А на другой день сами пришли, и смиренно звали его к отцу-настоятелю. И началась у Стаса дружба со стариком.
С удивлением узнал он, что Афиноген, как только мог, изыскивал средства для монастыря, а сам жил скудно. Не мы суть важны, говорил он, а Бог, а потому и место, где люди Богу служат. Бог суть общее наше, ему отдать ничего не жалко. Предвратье Божие красивым должно держати. Есть ли в душе твоей, Стас, для такой работы сила?
– Есть сила, – ответил Стас, и три года отдал росписи храма. Хрестьяне зауважали его неимоверно; при встрече некоторые шапки снимали, кланялись в пояс. Дашенька детей на экскурсии приводила, показать, как тятенька работает. Знала, что не настоящий он ей отец, а всё же…

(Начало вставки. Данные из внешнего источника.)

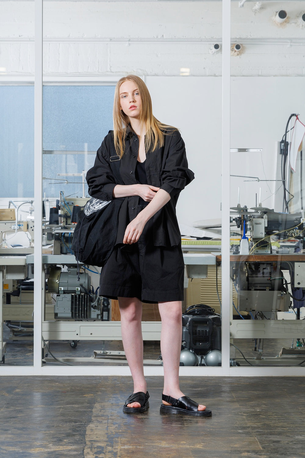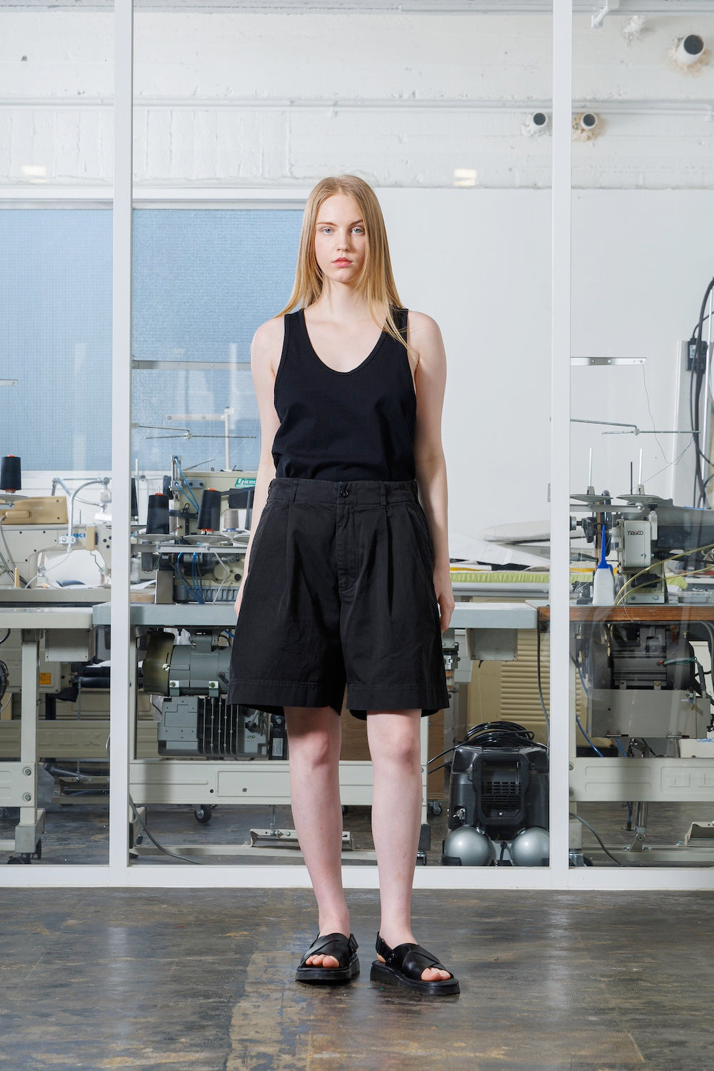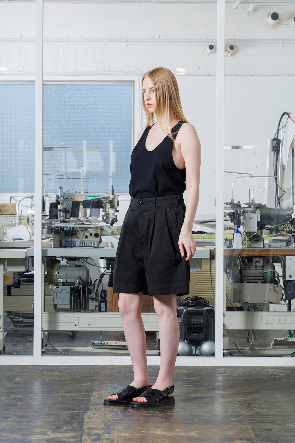 VOAAOV’s black shorts made from a twill so dense. Softness earned when washing’s done. Two tucks in the front. The back is elastic, stretched and wide. Pockets placed for hand and hold, both back and side.

С Афиногеном лишь однажды они пособачились, и из-за чего? – из-за той самой книги! Стас-то, по правде говоря, не догадывался, что она из числа запрещённых. И почал как-то цитировать из неё кусками при святом отце. Тот просто в ярость пришёл:
– Как смеешь ты!.. Это же глумление, прости, Господи! Будто Христос не от Девы, а от блудницы Геры, и от бесов языческих – от Кроноса и Зевса, а не от праведных отцов Авраама, Иессея и Давида!
Потом они неделю дулись друг на друга, не разговаривали. А когда помирились, старик плакал.
В июне 1672 года, когда роспись доведена была уже под самый купол, служили здравицу новорожденному царевичу, явившемуся в свет в день св. Исаакия Далматского. Паче чаяния, имя младенца названо не было. Но в храме все о том помалкивали, и только дома дали волю языкам. Только в августе объявили имя: у царя Алексея Михайловича родился сын Пётр.
Полтора месяца спустя Стас и Алёна выдали замуж Дарью. Свадьба наделала шуму! Сватать приехали ажно из Москвы, целый обоз: Тимофей, племянник важнющего купца Аверкия Кириллова, торговавшего со всем белым светом, с челядью. Откуда только узнали? Не иначе, дед невесты, купец Минай Силов подсказал. Монастырю жених денег пожаловал вдосталь; отгуляли в Плоскове, уехали в Москву. Стас и Алёнушку с молодыми отпустил: пусть подивится на стольный град.
Тем боле, работа над росписью храма шла к концу, и он замыслил на месяцок перебраться жить в монастырь, чтоб не тратить время на дорогу.
Так и сделал. Взял с собой одеялко, телогреечку – холодно уже было в октябре на верхотуре, на шатких жёрдочках, перекинутых меж узких окон; столовался у монахов. И ещё была при нём любимая книга. В минуты отдыха листал её, а когда лез наверх, то прятал за вынимающийся камень в стене позади алтаря.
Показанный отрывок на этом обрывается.